(Dataset records)
==*==

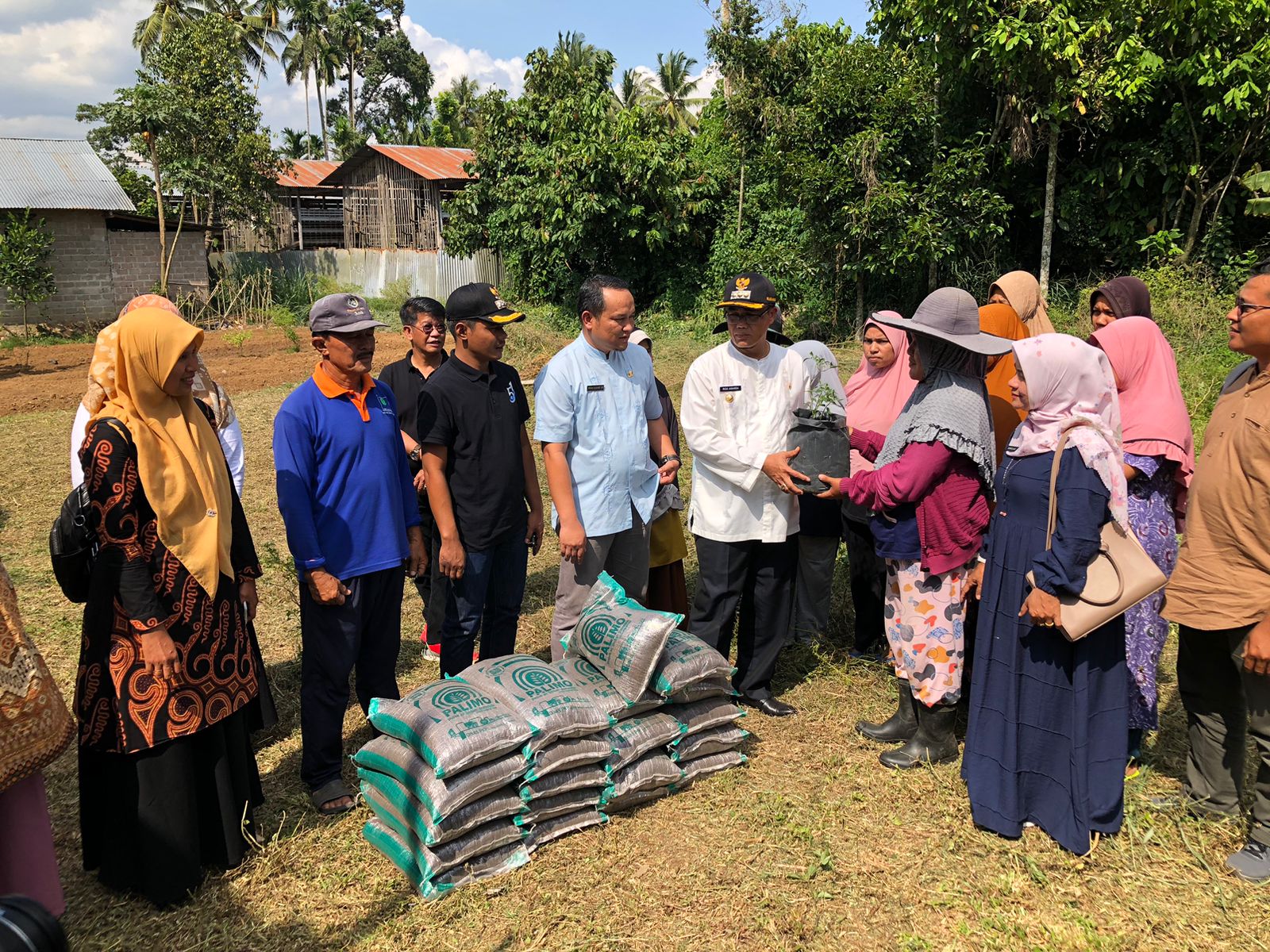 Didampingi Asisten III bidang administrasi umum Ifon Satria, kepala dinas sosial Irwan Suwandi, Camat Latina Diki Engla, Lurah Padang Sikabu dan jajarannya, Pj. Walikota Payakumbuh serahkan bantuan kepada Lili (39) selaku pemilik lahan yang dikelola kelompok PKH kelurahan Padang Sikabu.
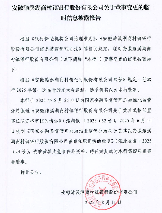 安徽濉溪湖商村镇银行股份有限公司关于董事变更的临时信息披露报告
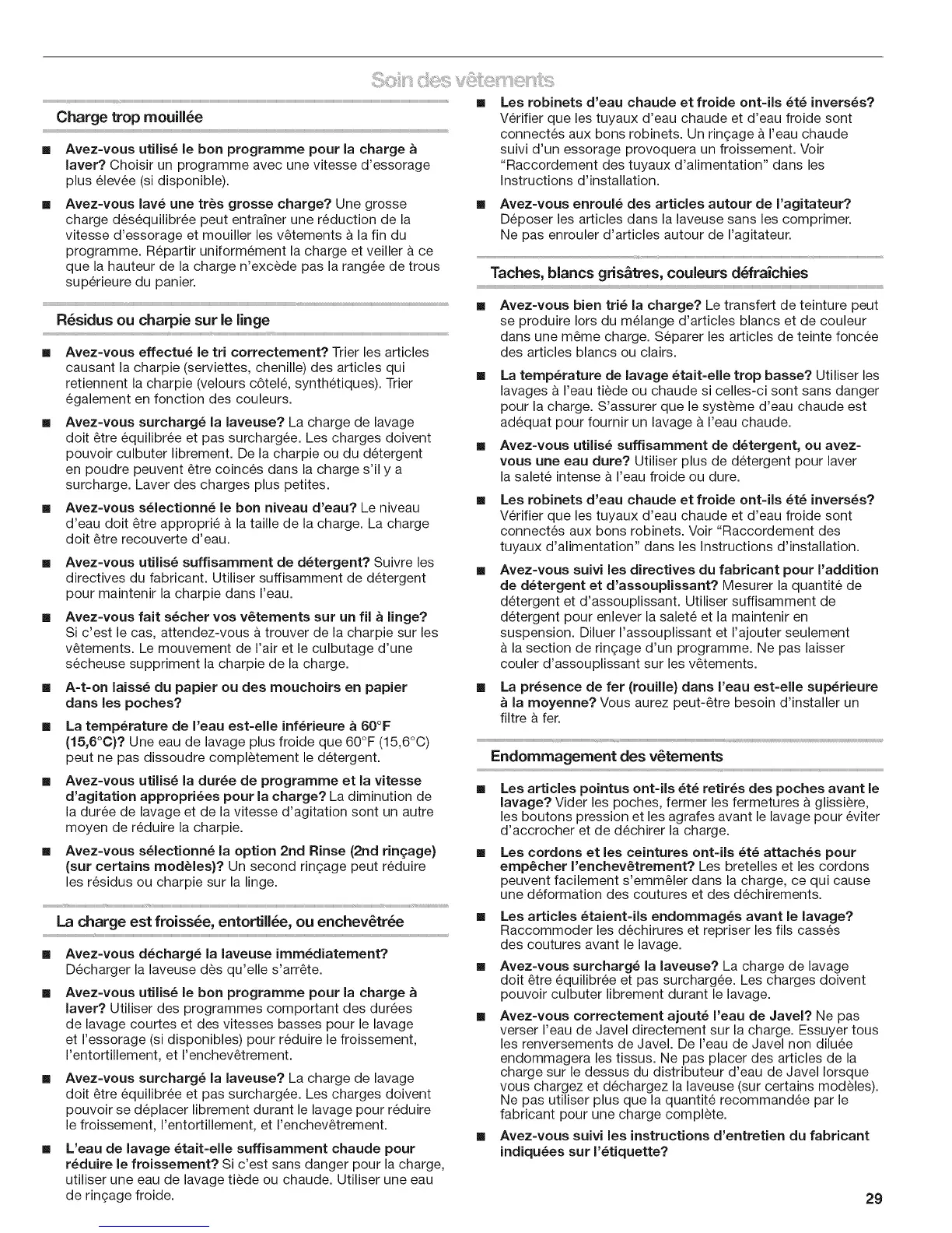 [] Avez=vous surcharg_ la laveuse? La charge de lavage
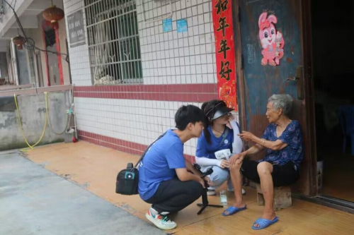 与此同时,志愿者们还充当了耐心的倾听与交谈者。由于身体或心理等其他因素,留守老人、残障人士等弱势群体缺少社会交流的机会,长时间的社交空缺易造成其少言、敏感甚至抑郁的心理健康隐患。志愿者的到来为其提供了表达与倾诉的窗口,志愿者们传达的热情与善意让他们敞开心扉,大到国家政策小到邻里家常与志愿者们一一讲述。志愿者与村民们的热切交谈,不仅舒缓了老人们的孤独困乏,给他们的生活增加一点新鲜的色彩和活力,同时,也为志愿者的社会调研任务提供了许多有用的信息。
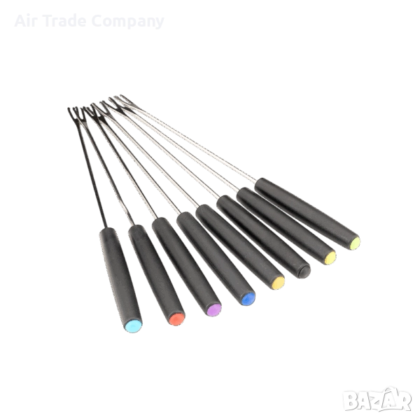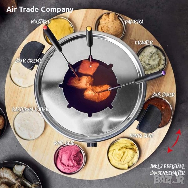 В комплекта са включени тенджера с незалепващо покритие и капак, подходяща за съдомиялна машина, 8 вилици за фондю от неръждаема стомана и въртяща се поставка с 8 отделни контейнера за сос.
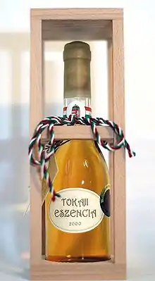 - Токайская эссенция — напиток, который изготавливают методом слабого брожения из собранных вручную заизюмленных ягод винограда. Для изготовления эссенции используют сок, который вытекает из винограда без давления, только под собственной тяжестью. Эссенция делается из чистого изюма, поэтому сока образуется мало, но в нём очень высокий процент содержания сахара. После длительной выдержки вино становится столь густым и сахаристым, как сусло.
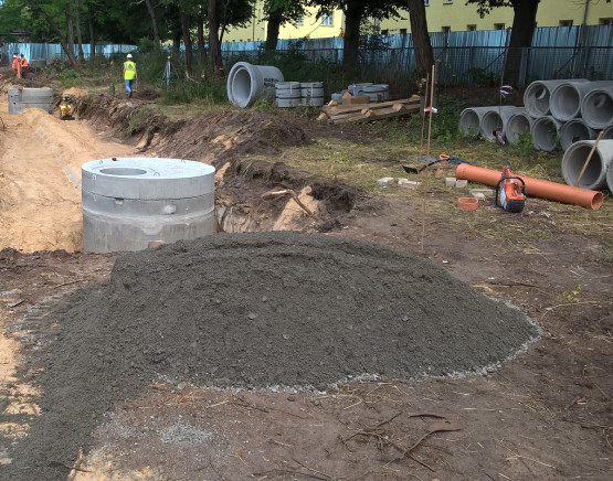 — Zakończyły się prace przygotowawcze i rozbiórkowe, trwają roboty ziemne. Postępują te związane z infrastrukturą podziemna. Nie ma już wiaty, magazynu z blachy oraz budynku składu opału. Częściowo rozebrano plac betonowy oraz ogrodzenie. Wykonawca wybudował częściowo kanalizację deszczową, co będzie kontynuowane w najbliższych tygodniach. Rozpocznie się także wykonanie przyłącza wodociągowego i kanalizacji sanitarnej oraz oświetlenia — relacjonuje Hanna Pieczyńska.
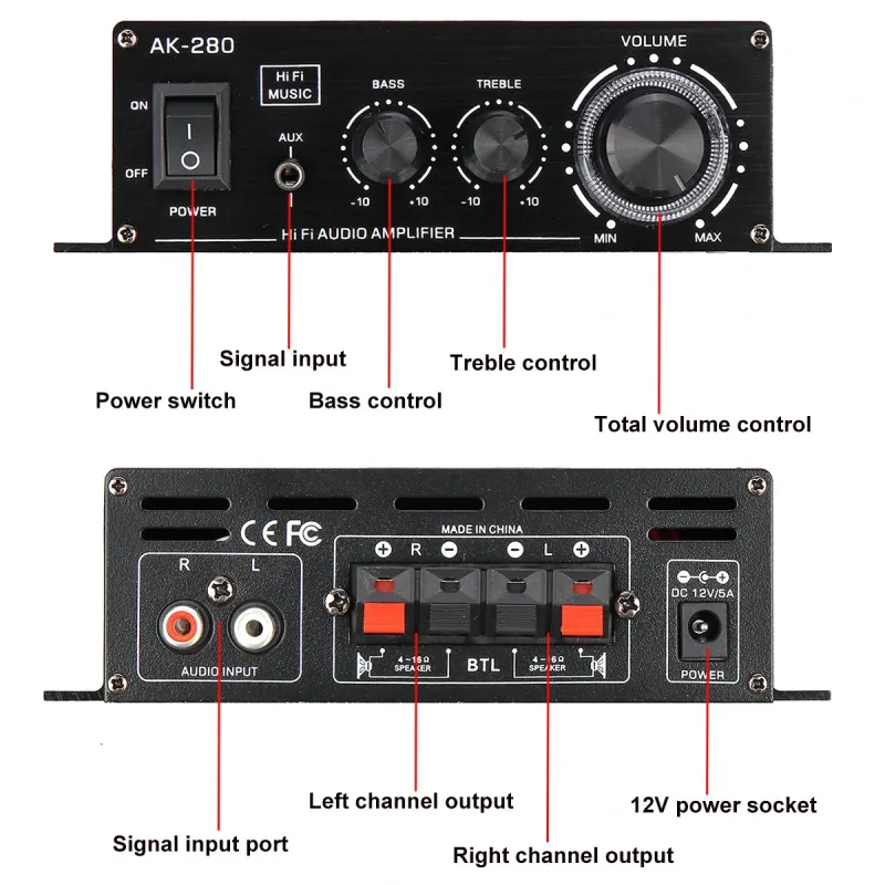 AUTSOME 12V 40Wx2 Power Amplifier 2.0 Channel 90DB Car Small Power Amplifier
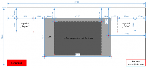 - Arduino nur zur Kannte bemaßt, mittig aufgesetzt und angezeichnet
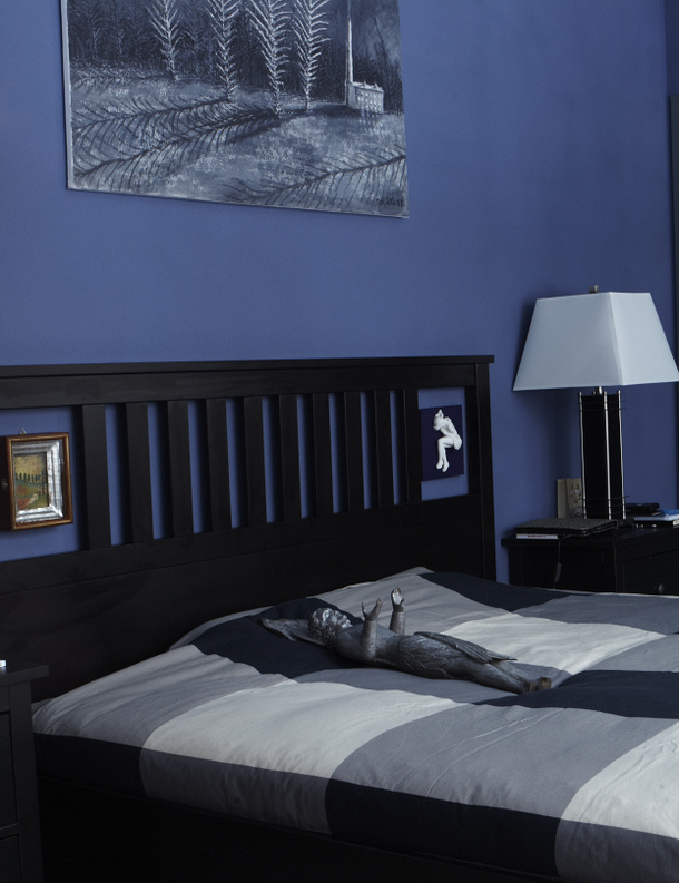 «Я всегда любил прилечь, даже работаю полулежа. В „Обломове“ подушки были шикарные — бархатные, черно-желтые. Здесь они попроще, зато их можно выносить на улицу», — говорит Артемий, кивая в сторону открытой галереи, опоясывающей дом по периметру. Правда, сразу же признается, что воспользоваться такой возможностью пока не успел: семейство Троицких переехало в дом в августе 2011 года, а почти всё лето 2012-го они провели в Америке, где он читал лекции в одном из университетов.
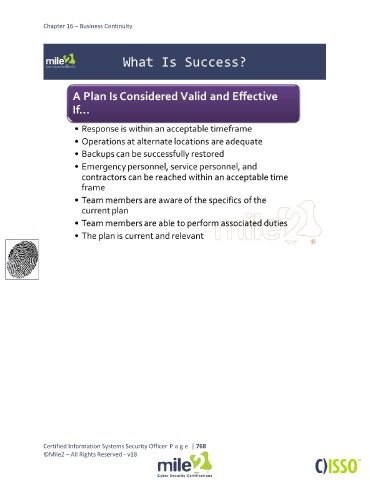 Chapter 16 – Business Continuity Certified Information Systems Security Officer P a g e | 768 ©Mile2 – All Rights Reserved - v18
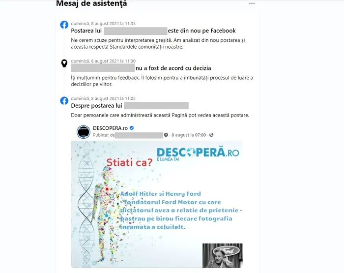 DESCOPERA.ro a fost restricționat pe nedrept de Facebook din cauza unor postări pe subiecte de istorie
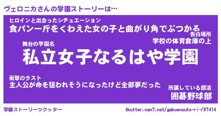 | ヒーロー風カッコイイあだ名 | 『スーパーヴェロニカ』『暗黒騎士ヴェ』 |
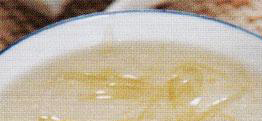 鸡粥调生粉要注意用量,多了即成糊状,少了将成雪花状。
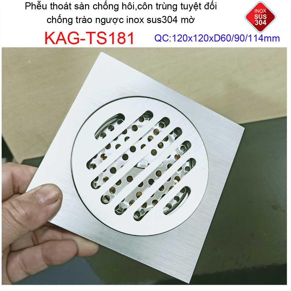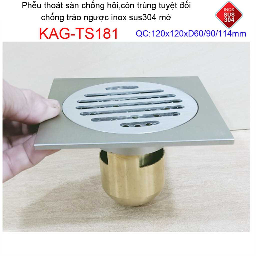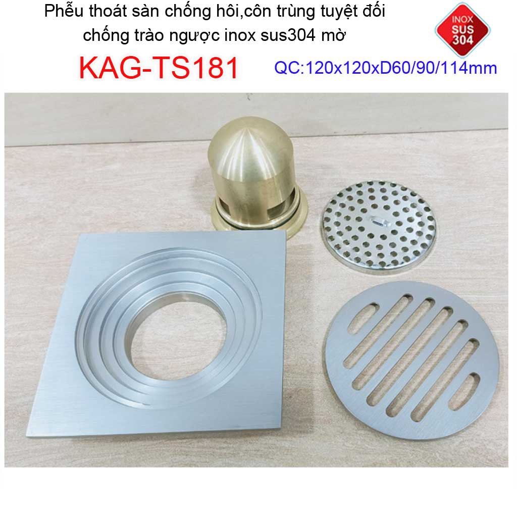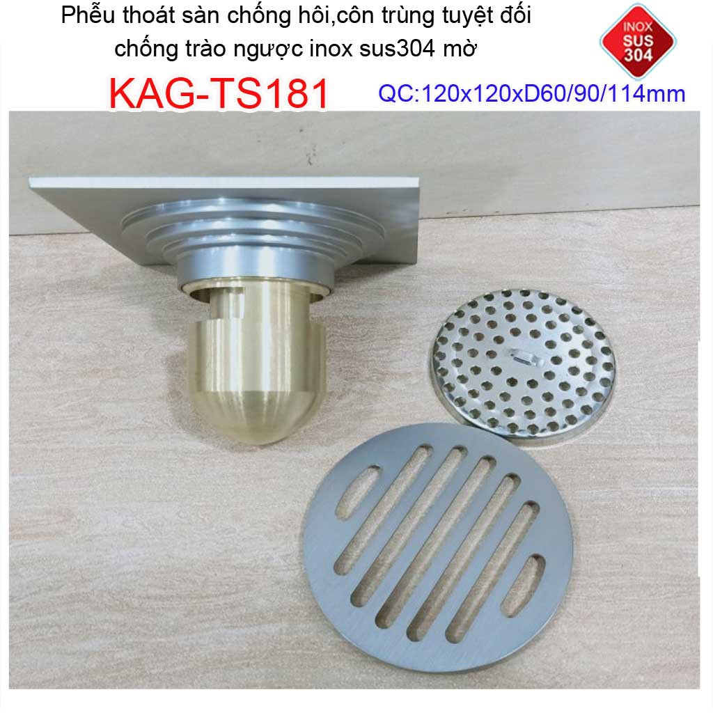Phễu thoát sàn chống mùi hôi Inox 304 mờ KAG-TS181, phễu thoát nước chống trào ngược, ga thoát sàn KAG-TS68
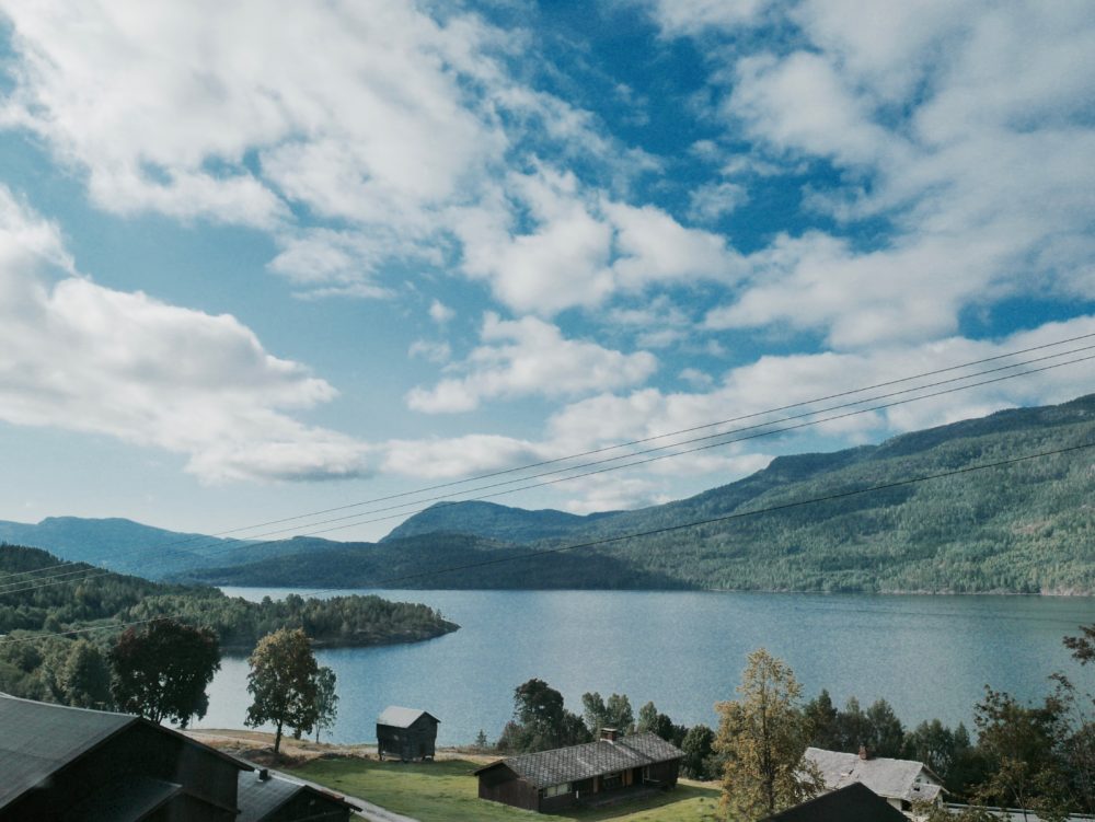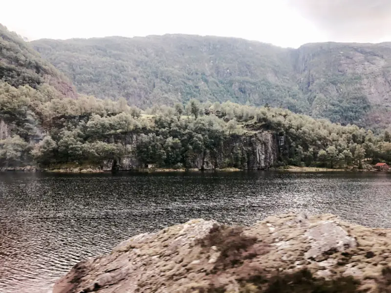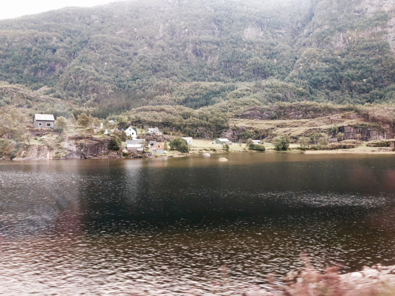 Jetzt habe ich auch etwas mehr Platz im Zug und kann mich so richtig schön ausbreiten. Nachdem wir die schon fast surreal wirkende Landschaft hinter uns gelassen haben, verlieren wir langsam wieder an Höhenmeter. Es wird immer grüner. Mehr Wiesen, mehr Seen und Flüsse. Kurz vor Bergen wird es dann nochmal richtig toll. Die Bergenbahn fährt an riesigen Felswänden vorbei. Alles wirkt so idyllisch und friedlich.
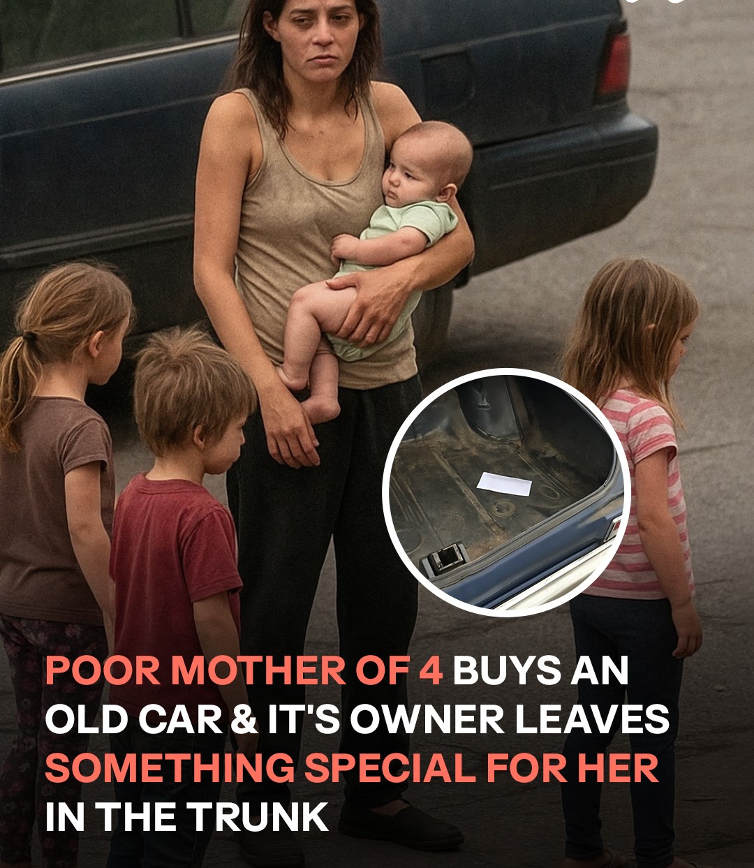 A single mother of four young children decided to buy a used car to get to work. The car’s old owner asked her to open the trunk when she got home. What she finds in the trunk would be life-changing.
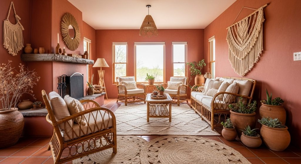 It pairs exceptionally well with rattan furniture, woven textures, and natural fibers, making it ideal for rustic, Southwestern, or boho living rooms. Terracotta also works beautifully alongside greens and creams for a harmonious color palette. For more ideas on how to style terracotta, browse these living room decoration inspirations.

==*==

The expected output is every record above, copied exactly, without pictures.

 Didampingi Asisten III bidang administrasi umum Ifon Satria, kepala dinas sosial Irwan Suwandi, Camat Latina Diki Engla, Lurah Padang Sikabu dan jajarannya, Pj. Walikota Payakumbuh serahkan bantuan kepada Lili (39) selaku pemilik lahan yang dikelola kelompok PKH kelurahan Padang Sikabu.
 安徽濉溪湖商村镇银行股份有限公司关于董事变更的临时信息披露报告
 [] Avez=vous surcharg_ la laveuse? La charge de lavage
 与此同时,志愿者们还充当了耐心的倾听与交谈者。由于身体或心理等其他因素,留守老人、残障人士等弱势群体缺少社会交流的机会,长时间的社交空缺易造成其少言、敏感甚至抑郁的心理健康隐患。志愿者的到来为其提供了表达与倾诉的窗口,志愿者们传达的热情与善意让他们敞开心扉,大到国家政策小到邻里家常与志愿者们一一讲述。志愿者与村民们的热切交谈,不仅舒缓了老人们的孤独困乏,给他们的生活增加一点新鲜的色彩和活力,同时,也为志愿者的社会调研任务提供了许多有用的信息。
 В комплекта са включени тенджера с незалепващо покритие и капак, подходяща за съдомиялна машина, 8 вилици за фондю от неръждаема стомана и въртяща се поставка с 8 отделни контейнера за сос.
 - Токайская эссенция — напиток, который изготавливают методом слабого брожения из собранных вручную заизюмленных ягод винограда. Для изготовления эссенции используют сок, который вытекает из винограда без давления, только под собственной тяжестью. Эссенция делается из чистого изюма, поэтому сока образуется мало, но в нём очень высокий процент содержания сахара. После длительной выдержки вино становится столь густым и сахаристым, как сусло.
 — Zakończyły się prace przygotowawcze i rozbiórkowe, trwają roboty ziemne. Postępują te związane z infrastrukturą podziemna. Nie ma już wiaty, magazynu z blachy oraz budynku składu opału. Częściowo rozebrano plac betonowy oraz ogrodzenie. Wykonawca wybudował częściowo kanalizację deszczową, co będzie kontynuowane w najbliższych tygodniach. Rozpocznie się także wykonanie przyłącza wodociągowego i kanalizacji sanitarnej oraz oświetlenia — relacjonuje Hanna Pieczyńska.
 AUTSOME 12V 40Wx2 Power Amplifier 2.0 Channel 90DB Car Small Power Amplifier
 - Arduino nur zur Kannte bemaßt, mittig aufgesetzt und angezeichnet
 «Я всегда любил прилечь, даже работаю полулежа. В „Обломове“ подушки были шикарные — бархатные, черно-желтые. Здесь они попроще, зато их можно выносить на улицу», — говорит Артемий, кивая в сторону открытой галереи, опоясывающей дом по периметру. Правда, сразу же признается, что воспользоваться такой возможностью пока не успел: семейство Троицких переехало в дом в августе 2011 года, а почти всё лето 2012-го они провели в Америке, где он читал лекции в одном из университетов.
 Chapter 16 – Business Continuity Certified Information Systems Security Officer P a g e | 768 ©Mile2 – All Rights Reserved - v18
 DESCOPERA.ro a fost restricționat pe nedrept de Facebook din cauza unor postări pe subiecte de istorie
 | ヒーロー風カッコイイあだ名 | 『スーパーヴェロニカ』『暗黒騎士ヴェ』 |
 鸡粥调生粉要注意用量,多了即成糊状,少了将成雪花状。
Phễu thoát sàn chống mùi hôi Inox 304 mờ KAG-TS181, phễu thoát nước chống trào ngược, ga thoát sàn KAG-TS68
 Jetzt habe ich auch etwas mehr Platz im Zug und kann mich so richtig schön ausbreiten. Nachdem wir die schon fast surreal wirkende Landschaft hinter uns gelassen haben, verlieren wir langsam wieder an Höhenmeter. Es wird immer grüner. Mehr Wiesen, mehr Seen und Flüsse. Kurz vor Bergen wird es dann nochmal richtig toll. Die Bergenbahn fährt an riesigen Felswänden vorbei. Alles wirkt so idyllisch und friedlich.
 A single mother of four young children decided to buy a used car to get to work. The car’s old owner asked her to open the trunk when she got home. What she finds in the trunk would be life-changing.
 It pairs exceptionally well with rattan furniture, woven textures, and natural fibers, making it ideal for rustic, Southwestern, or boho living rooms. Terracotta also works beautifully alongside greens and creams for a harmonious color palette. For more ideas on how to style terracotta, browse these living room decoration inspirations.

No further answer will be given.